Before you know it, you’re among several more friendly faces. Or almost-faces, at least. And they’re probably friendly.

A masked witch, a towering demon, a winged faerie, and one other—a struggle to notice at all—greet you when the angel introduces you as their new friend.

The witch gives you its name: the Strike. It says little to you, but that colorful mask regards you for a long, lingering moment in a way that leaves you feeling exposed.

Does the mask smile in recognition? Or is that a trick of the light?

The demon gives you her name: Arileth. You recognize that it is unlikely her True Name, but the sound rings in your ears in a way that suggests it may be a genuine fragment of it.

She catches you admiring her biceps and sends a smirk and a flirty wink your way.

The faerie does not give you his name, but he will happily take yours.

He stares in silence, all three pairs of black eyes unblinking, waiting as though for a response before bursting into good-natured laughter.

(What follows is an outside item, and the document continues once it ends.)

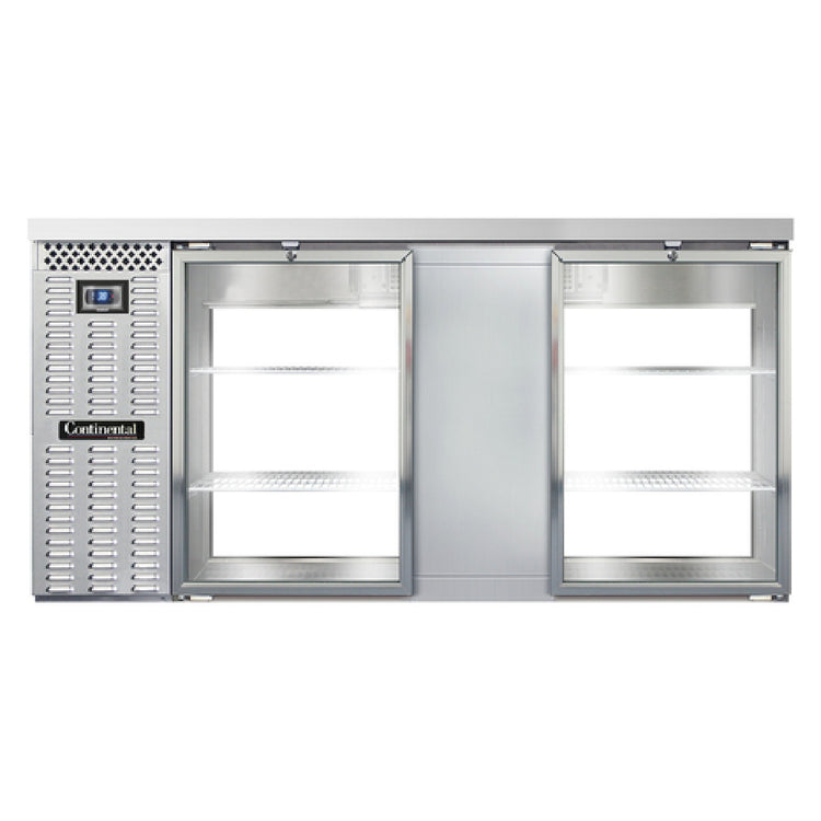 The Continental Refrigerator BB69SNSSGDPT Refrigerated Back Bar Cooler - Shallow Depth is a state-of-the-art cooling solution designed for professional bar settings and commercial establishments requiring efficient and compact refrigeration. Featuring a pass-thru design, this unit measures 69 inches in width and 34-3/4 inches in height, optimizing space with a shallow depth that suits narrow spaces. Its stainless steel top, exterior, and interior back and side panels ensure durability and a sleek aesthetic, while the reinforced stainless steel floor enhances structural integrity under heavy use. With a capacity of 18.0 cubic feet, this cooler offers ample storage space, distributed across epoxy-coated steel shelves to maintain a hygienic environment. The unit incorporates front breathing technology for seamless installation in tight spots, and its self-contained refrigeration system uses environmentally friendly R290 hydrocarbon refrigerant. Equipped with a 1/4 HP motor, it delivers reliable cooling performance. The cooler features four glass doors with locks for secure access and easy visibility of contents. An electronic controller with a digital display and hi-low alarm system ensures precise temperature management, safeguarding perishable items. Certified by cETLus and NSF, this back bar cooler meets stringent safety and sanitation standards, making it a dependable choice for diverse market segments in the food and beverage industry.
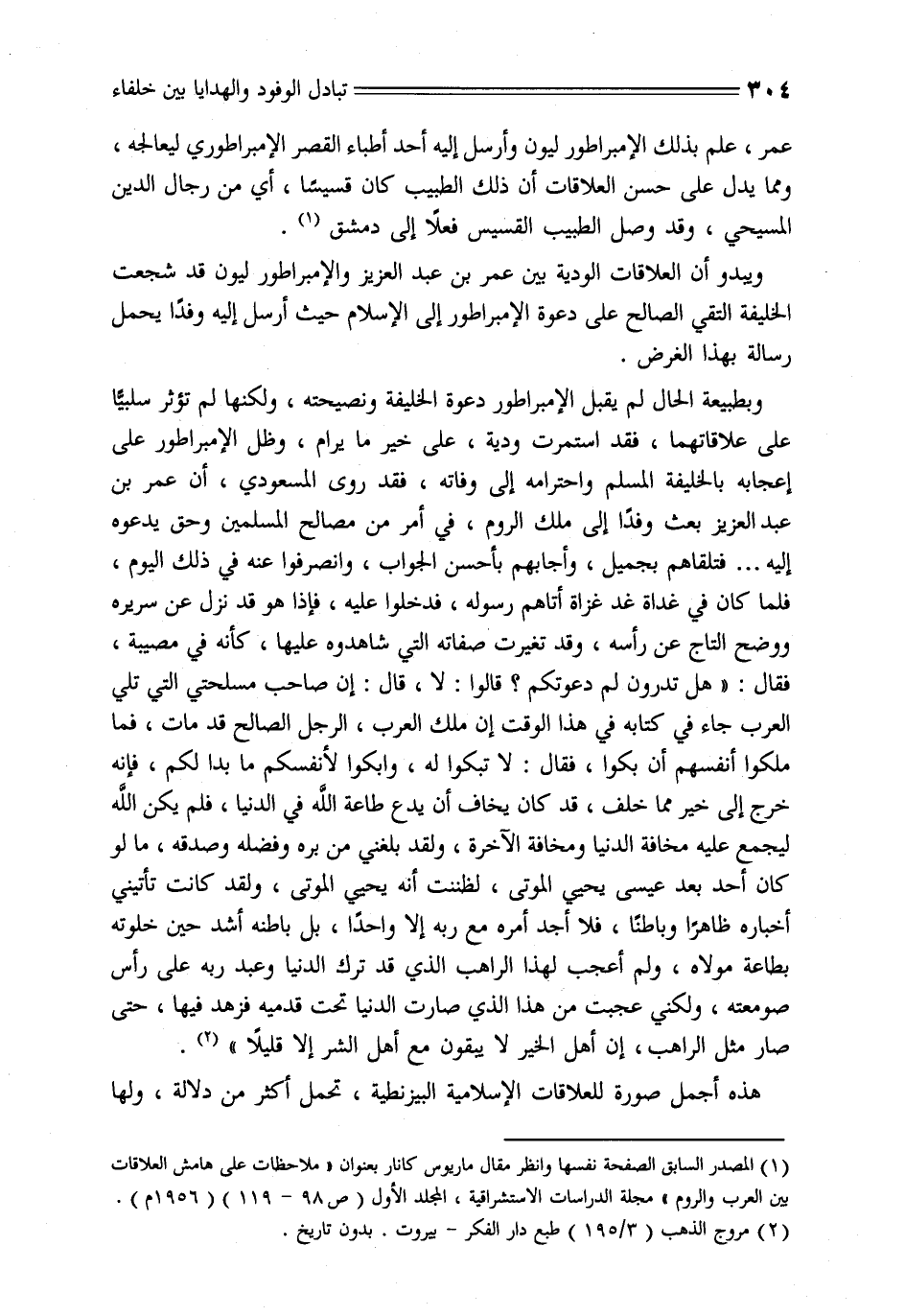 (1) المصدر السابق الصفحة نفسها وانظر مقال ماريوس كانار بعنوان «ملاحظات على هامش العلاقات بين العرب والروم» مجلة الدراسات الاستشراقية، المجلد الأول (ص 98- 119) (1956 م) .

He turns to the moth and asks, “is this when it happens?”

The moth speaks a name to you. You don’t hear it so much as feel it as a buzzing hum behind your eyes.

You blink away tears. Why are you crying? The ground tilts, and you fall, catching yourself on your hands before you hit the floor. Your head presses against the hard wood.

No, it’s brick. You’re dizzy but upright, leaning against the side of a building.

Your head swimming and the puddle of vomit at your feet suggests you’ve had too much to drink. Or was it pills your friend shared with you earlier?

You stumble out of the alleyway.

The city flares to life in vibrant technicolor. The lights scream a song you feel like you should remember the lyrics to, but the words remain just out of your grasp.

Where did he go? You rub something off your nose and realize it might not have just been pills you shared.

You look around, trying to find where your friend wandered off to. Or was it you who couldn’t handle the drugs and wandered away on your own?

You don’t see the club anywhere nearby. The signs no longer speak your language either.

You look up. The moon bleeds your name, and you catch the drip on the tip of your tongue. It reminds you of someone you used to know.

You recognize that you are lost, but the other priestesses at the temple hold you close and take turns whispering something like a poem.

You splash face-first into a lake, but in reverse.

As your head unbreaches the surface, you find yourself hypnotized by the ripples coming together in anticipation of your plunge. They almost spell something you can read, but even this sign eludes you.

The reflective surface finds its frame, and you stare into the face in the mirror, begging to be offered a choice. You don’t remember what choice you’re searching for, but your reflection mouths the most important words of all.

And yet you cannot read your lips.

The shapes fail to crystallize into meaning, and they fall dead from the mirror into your cupped hands.

You tear into them with your teeth, desperate to suck meaning from them, but they tear through you just as mercilessly.

“Hurry up. The party’s already started.”

You’re trapped. You’re choking. You tear your clothes away so that they can’t strangle you. When did they get so tight?

You get them off, but you’re still wrapped up in something stifling you.

Who invited you to the party again? Do you know someone there?

The light shines through the fleshy membrane trapping you, and you see it. The word. Your name. In a flourish of beautiful calligraphy you cannot read from this side. The shadow of it you see from here is mirrored, but if you can just claw your way through to the other side…

“Is this when it happens?” Your friend’s voice. He’s right there.

You peel yourself away from your chrysalis and your name returns to you at last. You speak it aloud in relief as you find your footing again at the party.

Oh. Yes. It is.

You look around, antennae twitching.

Didn’t A Spear have a friend to introduce?

More importantly, why are they wearing that absurd form? Who here would fail to appreciate their true beauty?

The question slips away as they return to themselves. You and your friends relax and enjoy the rest of the party.